▶ _Required action_
The result should be a faithful copy of every entry below, with the pictures left out.

▶ _Source material_
════
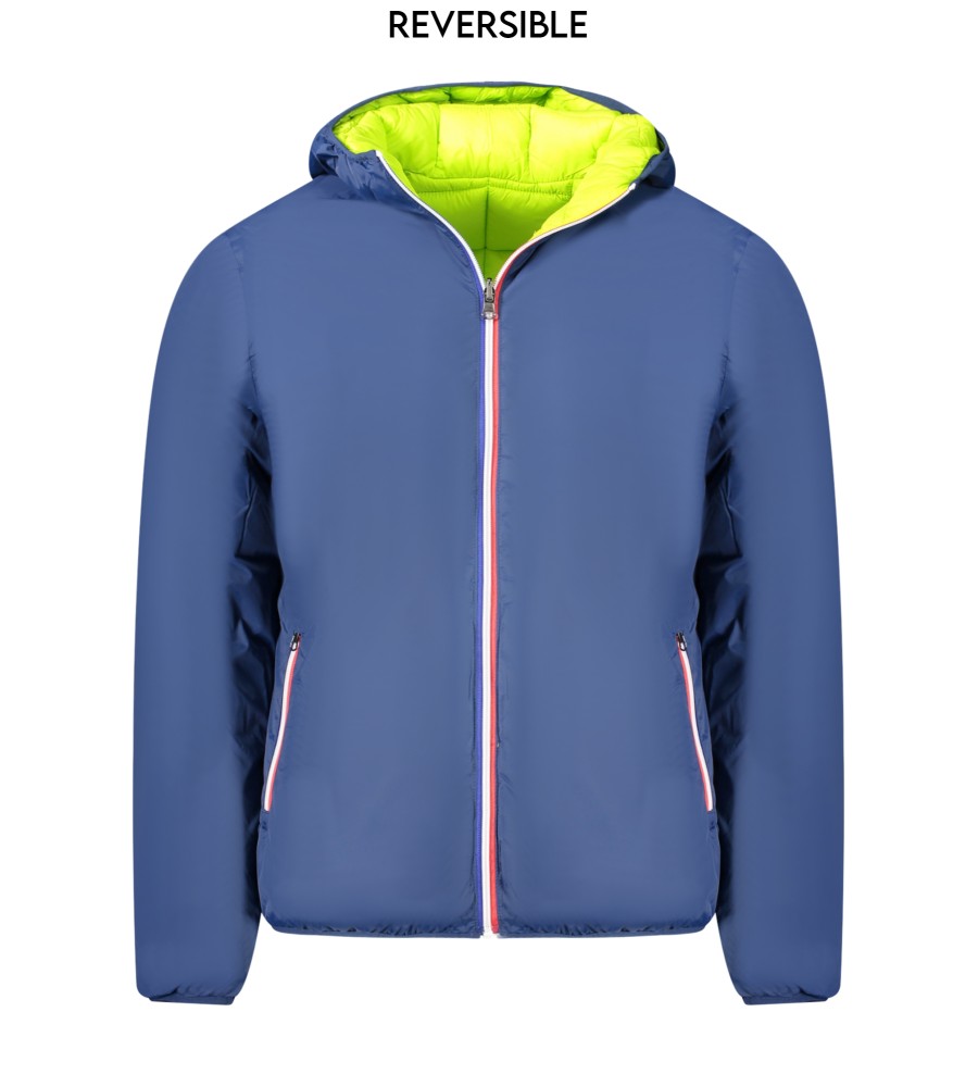 Striukė ilgomis rankovėmis su gaubtu, grįžtama mėlyna/fluorescencinė žalia, 2 išorinės kišenės, 2 vidinės kišenės, ZIP, taikymas, logotipas
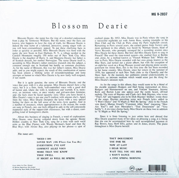 A1. 'Deed I Do A2. Lover Man (Oh Where Can You Be) A3. Everything I've Got A4. Comment Allez Vous A5. More Than You Know A6. Thou Swell A7. It Might As Well Be Spring B1. Tout Doucement B2. You For Me B3. Now At Last B4. I Hear Music B5. Wait Till You See Her B6. I Won't Dance B7. A Fine Spring Morning
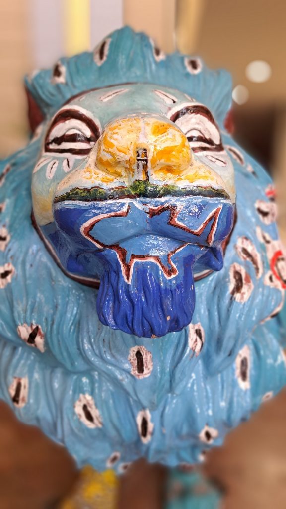 Man muss genau hinschauen, Der Löwe zeigt nicht nur einen deutlich erkennbaren Fisch im Wasser, sondern auch die Kontur einer flachen Insel und einen Turm. Möglicherweise ein Leuchtturm. Einer der Löwen in der Markthalle.
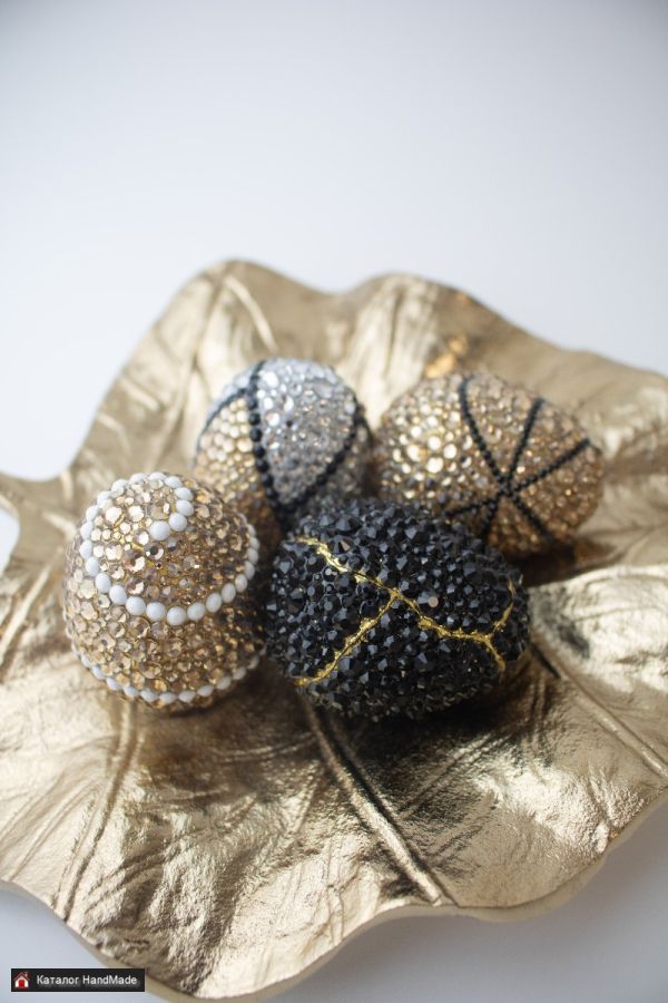 Аккуратная инкрустация, продуманный узор и гармоничное сочетание цветов делают каждое яйцо уникальным.
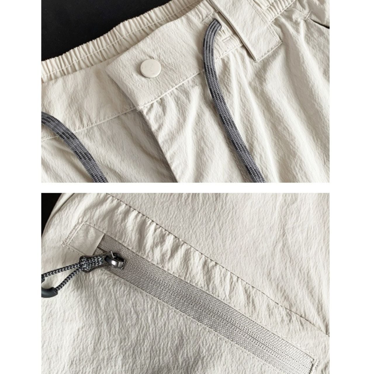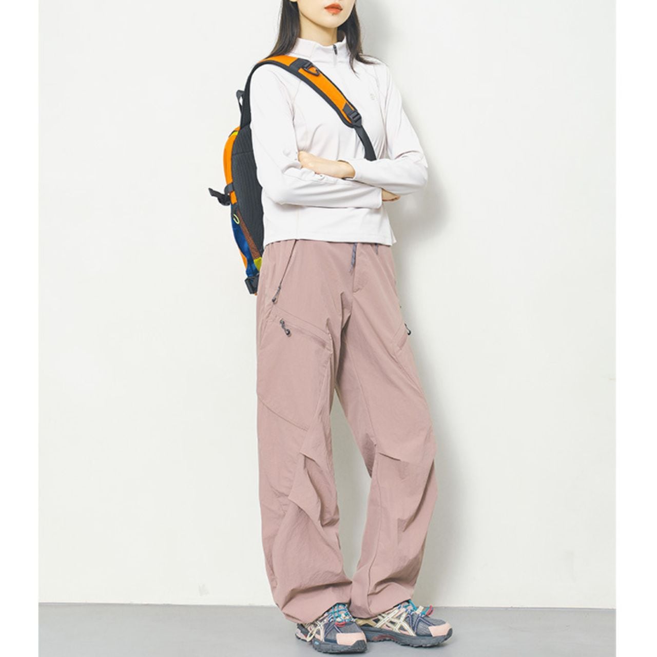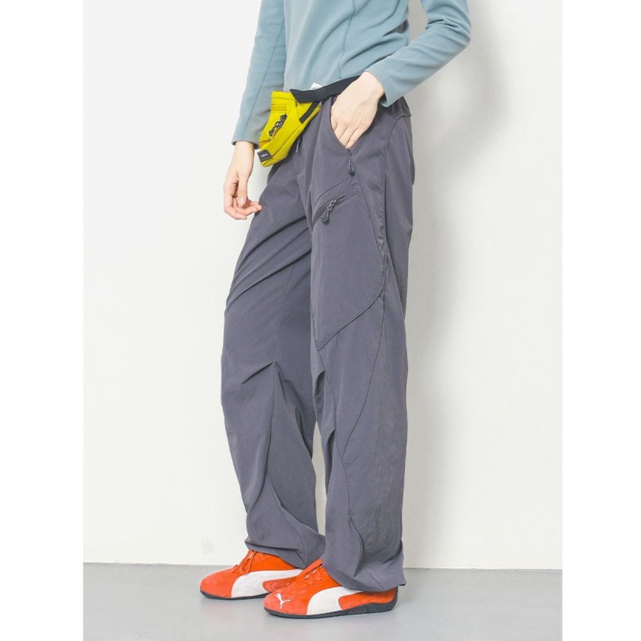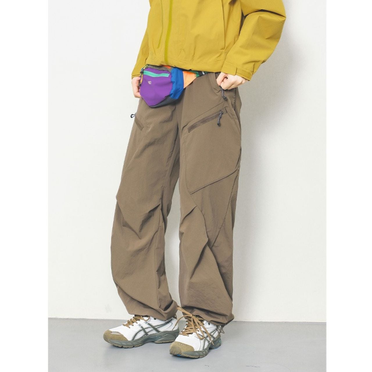 マルチポケット付きのパラシュートパンツ。
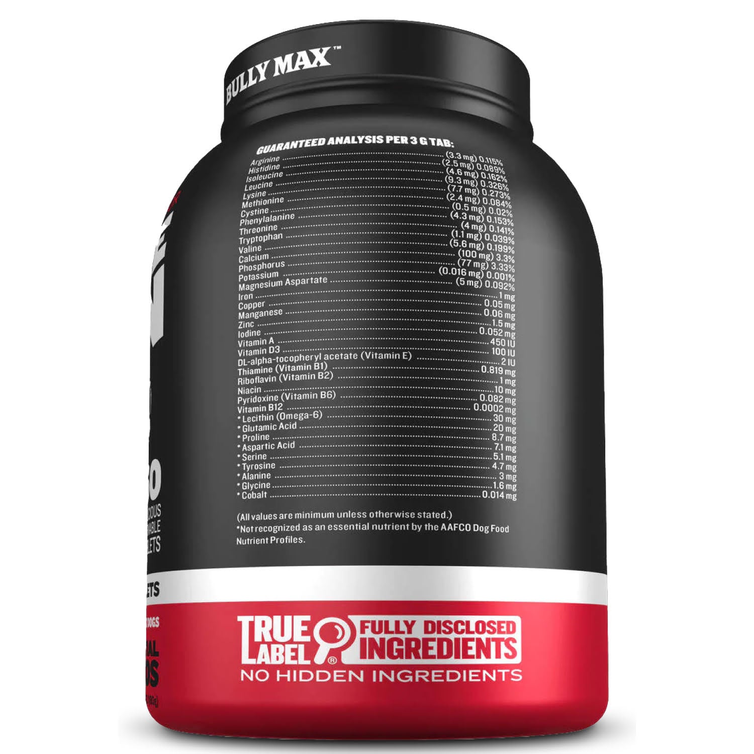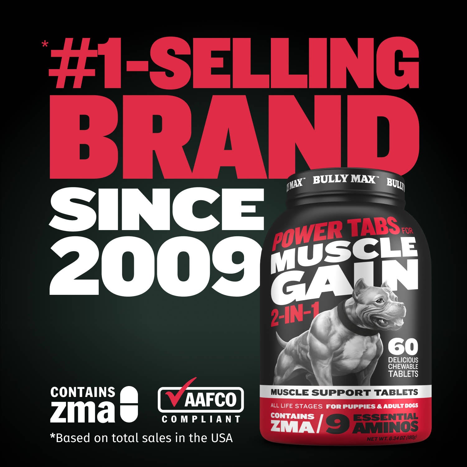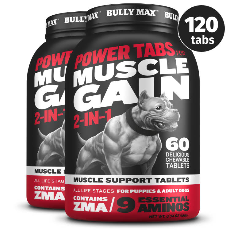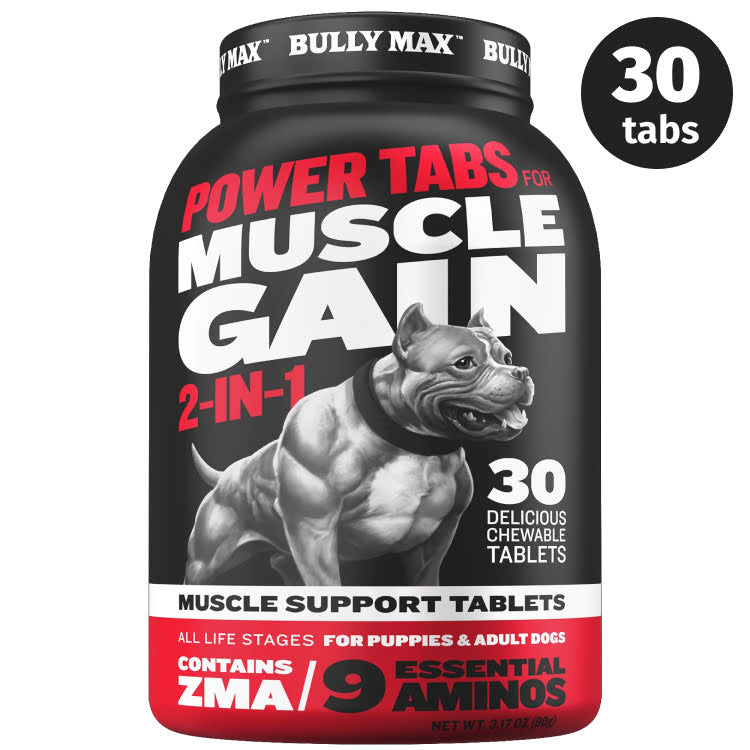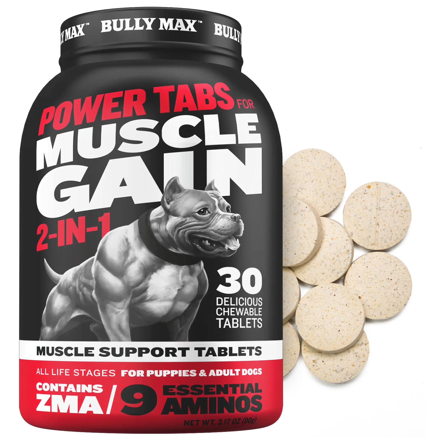 Our Bully Max® Power Tabs for Muscle Gain are a veterinarian-formulated muscle building powerhouse packed with healthy & premium ingredients to bring out the best in your dog. Every tablet promotes muscle integrity and definition, supports normal muscle recovery after strenuous exercise, and supports immune system function.
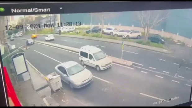 Kaza anı bölgedeki bir iş yerinin güvenlik kamerası tarafından kaydedildi. Görüntülerde, sola dönüş yapan otomobile karşı yönden gelen hafif ticari aracın çarpması ve iki aracın savrularak park halindeki otomobile çarptığı anlar yer alıyor.
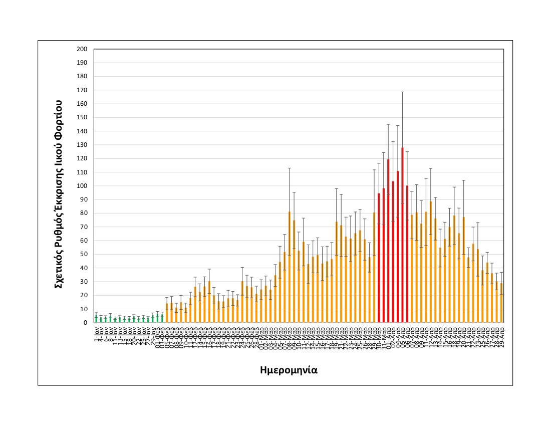 Όπως φαίνεται στα διαγράμματα μετά την πρώτη εβδομάδα του Απριλίου και μέχρι το τέλος του μήνα έχει σταδιακά επέλθει μία σημαντική αποκλιμάκωση της συγκέντρωσης του ιού στα αστικά απόβλητα.
════
▶ _Result for this task_
 Striukė ilgomis rankovėmis su gaubtu, grįžtama mėlyna/fluorescencinė žalia, 2 išorinės kišenės, 2 vidinės kišenės, ZIP, taikymas, logotipas
 A1. 'Deed I Do A2. Lover Man (Oh Where Can You Be) A3. Everything I've Got A4. Comment Allez Vous A5. More Than You Know A6. Thou Swell A7. It Might As Well Be Spring B1. Tout Doucement B2. You For Me B3. Now At Last B4. I Hear Music B5. Wait Till You See Her B6. I Won't Dance B7. A Fine Spring Morning
 Man muss genau hinschauen, Der Löwe zeigt nicht nur einen deutlich erkennbaren Fisch im Wasser, sondern auch die Kontur einer flachen Insel und einen Turm. Möglicherweise ein Leuchtturm. Einer der Löwen in der Markthalle.
 Аккуратная инкрустация, продуманный узор и гармоничное сочетание цветов делают каждое яйцо уникальным.
 マルチポケット付きのパラシュートパンツ。
 Our Bully Max® Power Tabs for Muscle Gain are a veterinarian-formulated muscle building powerhouse packed with healthy & premium ingredients to bring out the best in your dog. Every tablet promotes muscle integrity and definition, supports normal muscle recovery after strenuous exercise, and supports immune system function.
 Kaza anı bölgedeki bir iş yerinin güvenlik kamerası tarafından kaydedildi. Görüntülerde, sola dönüş yapan otomobile karşı yönden gelen hafif ticari aracın çarpması ve iki aracın savrularak park halindeki otomobile çarptığı anlar yer alıyor.
 Όπως φαίνεται στα διαγράμματα μετά την πρώτη εβδομάδα του Απριλίου και μέχρι το τέλος του μήνα έχει σταδιακά επέλθει μία σημαντική αποκλιμάκωση της συγκέντρωσης του ιού στα αστικά απόβλητα.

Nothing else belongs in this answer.